Data section =>
= = = =

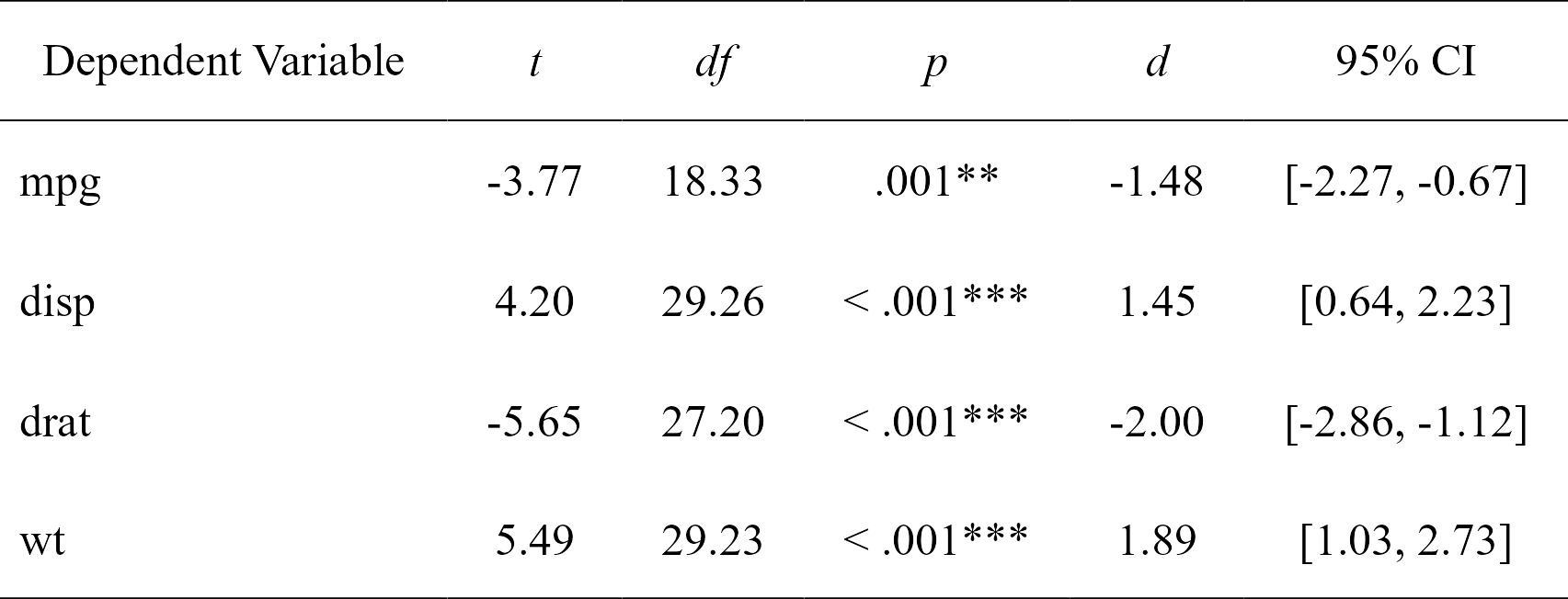 Easily compute t-test analyses, with effect sizes, and format in publication-ready format. Supports multiple dependent variables at once. The 95% confidence interval is for the effect size (Cohen’s d).
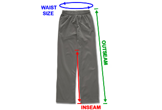 OUTSEAM: Measure along the outer edge of the garment. Start at the top of the waistband and end at the bottom hem.
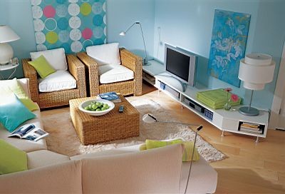 最能體現客廳清爽風格的色彩當然是各種各樣的藍色,仿佛在蛋清里攪拌過的柔嫩的藍色,變幻無窮,都是對客廳色彩的絕好演繹,且在視覺上有增大空間的感覺。

= = = =

Work instruction =>
If a picture falls within the lines from the one containing "OUTSEAM: Measure along" through the end of the material, leave it out while repeating those lines exactly.

Task result =>
 OUTSEAM: Measure along the outer edge of the garment. Start at the top of the waistband and end at the bottom hem.
 最能體現客廳清爽風格的色彩當然是各種各樣的藍色,仿佛在蛋清里攪拌過的柔嫩的藍色,變幻無窮,都是對客廳色彩的絕好演繹,且在視覺上有增大空間的感覺。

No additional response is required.